• **Task item**:
The required output is the stretch from the line containing "We studied the" through the line containing "Double exposure of" in the records below, unaltered and with no pictures.

• **Extracted information**:

◆ ◆ ◆ ◆

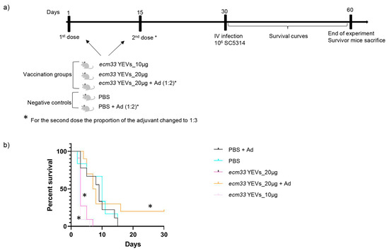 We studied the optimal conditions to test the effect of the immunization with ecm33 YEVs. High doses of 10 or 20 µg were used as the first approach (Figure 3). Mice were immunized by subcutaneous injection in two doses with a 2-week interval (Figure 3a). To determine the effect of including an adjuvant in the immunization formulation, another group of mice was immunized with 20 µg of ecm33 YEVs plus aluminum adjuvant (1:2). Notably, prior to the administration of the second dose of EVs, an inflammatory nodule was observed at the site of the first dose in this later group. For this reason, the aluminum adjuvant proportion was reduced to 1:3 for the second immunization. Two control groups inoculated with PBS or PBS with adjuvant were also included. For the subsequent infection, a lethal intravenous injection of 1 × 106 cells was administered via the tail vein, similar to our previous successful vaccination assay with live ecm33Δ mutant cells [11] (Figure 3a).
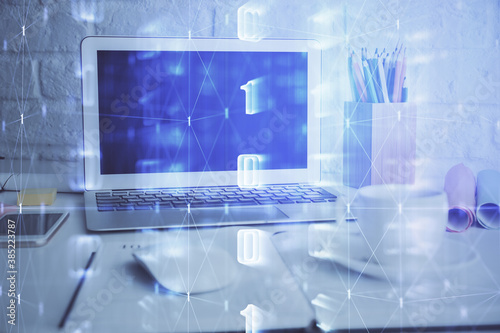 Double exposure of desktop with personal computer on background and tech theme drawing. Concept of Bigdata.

◆ ◆ ◆ ◆

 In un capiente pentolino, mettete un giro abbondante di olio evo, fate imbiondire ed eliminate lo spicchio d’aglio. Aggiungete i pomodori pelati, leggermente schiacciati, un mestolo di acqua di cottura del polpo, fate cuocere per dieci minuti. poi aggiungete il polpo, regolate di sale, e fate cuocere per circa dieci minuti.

◆ ◆ ◆ ◆

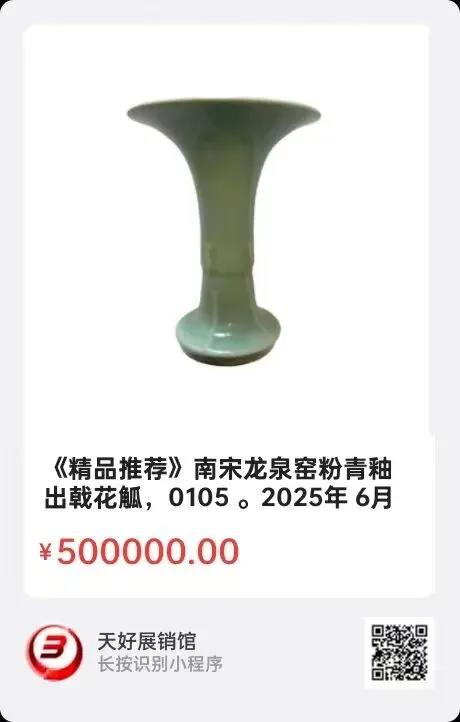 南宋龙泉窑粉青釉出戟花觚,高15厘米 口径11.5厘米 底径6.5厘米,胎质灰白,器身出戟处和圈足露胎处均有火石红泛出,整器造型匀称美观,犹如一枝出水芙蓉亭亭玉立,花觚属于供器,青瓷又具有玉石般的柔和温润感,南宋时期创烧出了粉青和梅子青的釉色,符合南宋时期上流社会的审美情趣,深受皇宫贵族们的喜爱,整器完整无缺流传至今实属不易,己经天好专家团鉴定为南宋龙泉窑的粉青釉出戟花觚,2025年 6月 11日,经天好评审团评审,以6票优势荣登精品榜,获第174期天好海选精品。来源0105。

◆ ◆ ◆ ◆

• **Result for this task**:
 We studied the optimal conditions to test the effect of the immunization with ecm33 YEVs. High doses of 10 or 20 µg were used as the first approach (Figure 3). Mice were immunized by subcutaneous injection in two doses with a 2-week interval (Figure 3a). To determine the effect of including an adjuvant in the immunization formulation, another group of mice was immunized with 20 µg of ecm33 YEVs plus aluminum adjuvant (1:2). Notably, prior to the administration of the second dose of EVs, an inflammatory nodule was observed at the site of the first dose in this later group. For this reason, the aluminum adjuvant proportion was reduced to 1:3 for the second immunization. Two control groups inoculated with PBS or PBS with adjuvant were also included. For the subsequent infection, a lethal intravenous injection of 1 × 106 cells was administered via the tail vein, similar to our previous successful vaccination assay with live ecm33Δ mutant cells [11] (Figure 3a).
 Double exposure of desktop with personal computer on background and tech theme drawing. Concept of Bigdata.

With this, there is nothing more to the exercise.